This paper proposes rCM (score-regularized continuous-time consistency model), which for the first time scales continuous-time consistency distillation to 14B-parameter text-to-image/video models. By combining forward KL divergence (consistency) with reverse KL divergence (score distillation), rCM matches DMD2 in quality while preserving diversity, achieving 15–50× inference speedup.

Background & Motivation

  • Background: sCM (continuous-time consistency models) is theoretically elegant, but its applicability to large-scale text-to-image/video models remains unclear — JVP computation is incompatible with FlashAttention and distributed training.
  • Limitations of Prior Work: sCM suffers from quality degradation in fine-grained generation (error accumulation and quality diffusion caused by the mode-covering nature of forward KL divergence). Score/adversarial distillation methods (e.g., DMD2) achieve superior quality but are prone to mode collapse and lack diversity.
  • Key Challenge: Forward KL divergence (consistency models) and reverse KL divergence (score distillation) have complementary characteristics.
  • Goal: Combine the two divergence types to achieve both high quality and high diversity at large scale.

Method

Overall Architecture

rCM = sCM (forward KL consistency distillation) + DMD (reverse KL score distillation) + infrastructure optimization. Training alternates between optimizing the student model (rCM loss) and the fake score network (flow matching loss).

Key Designs

  1. FlashAttention-2 JVP Kernel: A Triton kernel is developed to integrate JVP into the forward pass of FlashAttention-2, supporting both self-attention and cross-attention, and compatible with FSDP and Context Parallelism, enabling sCM training to scale to models with 10B+ parameters.

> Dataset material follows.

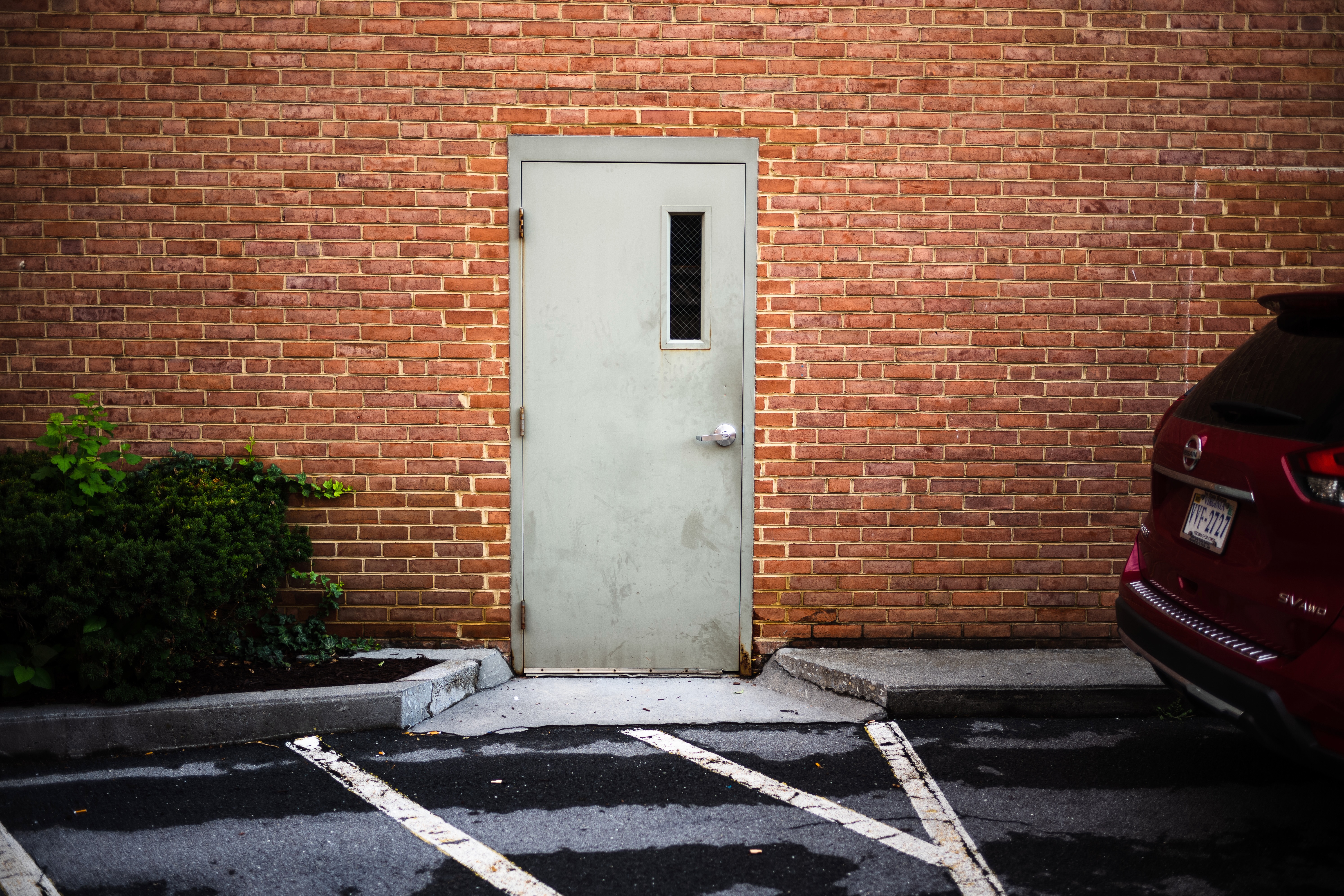 The photograph captures a solitary, muted green door set against a textured brick wall, evoking a sense of intrigue and secrecy. The composition is stark, with angled parking lines leading the eye towards the door, while a lush green shrub contrasts with the otherwise industrial scene. Soft, natural lighting bathes the area, adding depth to the subdued colors and enhancing the mood of quiet anticipation.

  2. Score Regularization: The DMD loss is introduced as a long-jump regularizer to complement sCM. The final objective is: $\(\mathcal{L}_{\text{rCM}}(\theta) = \mathcal{L}_{\text{sCM}}(\theta) + \lambda \mathcal{L}_{\text{DMD}}(\theta)\)$ with \(\lambda=0.01\) being universal across models and tasks. sCM provides mode-covering (high diversity), while DMD provides mode-seeking (high quality).

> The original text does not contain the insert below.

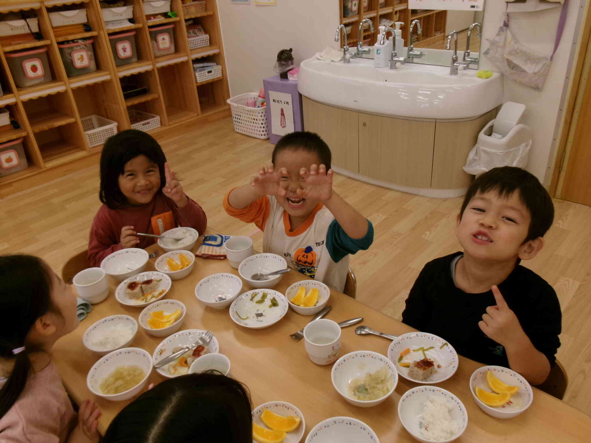 思わず「ピース!」美味しいね。みんなもりもり食べてます。

  3. Stable Time-Derivative Computation: To address JVP training instability in large models, two strategies are proposed:

  4. Semi-continuous time: JVP is used for spatial components, while finite differences approximate the temporal component (\(\Delta t = 10^{-4}\)).
  5. High-precision time: FP32 precision is enforced on time-embedding layers.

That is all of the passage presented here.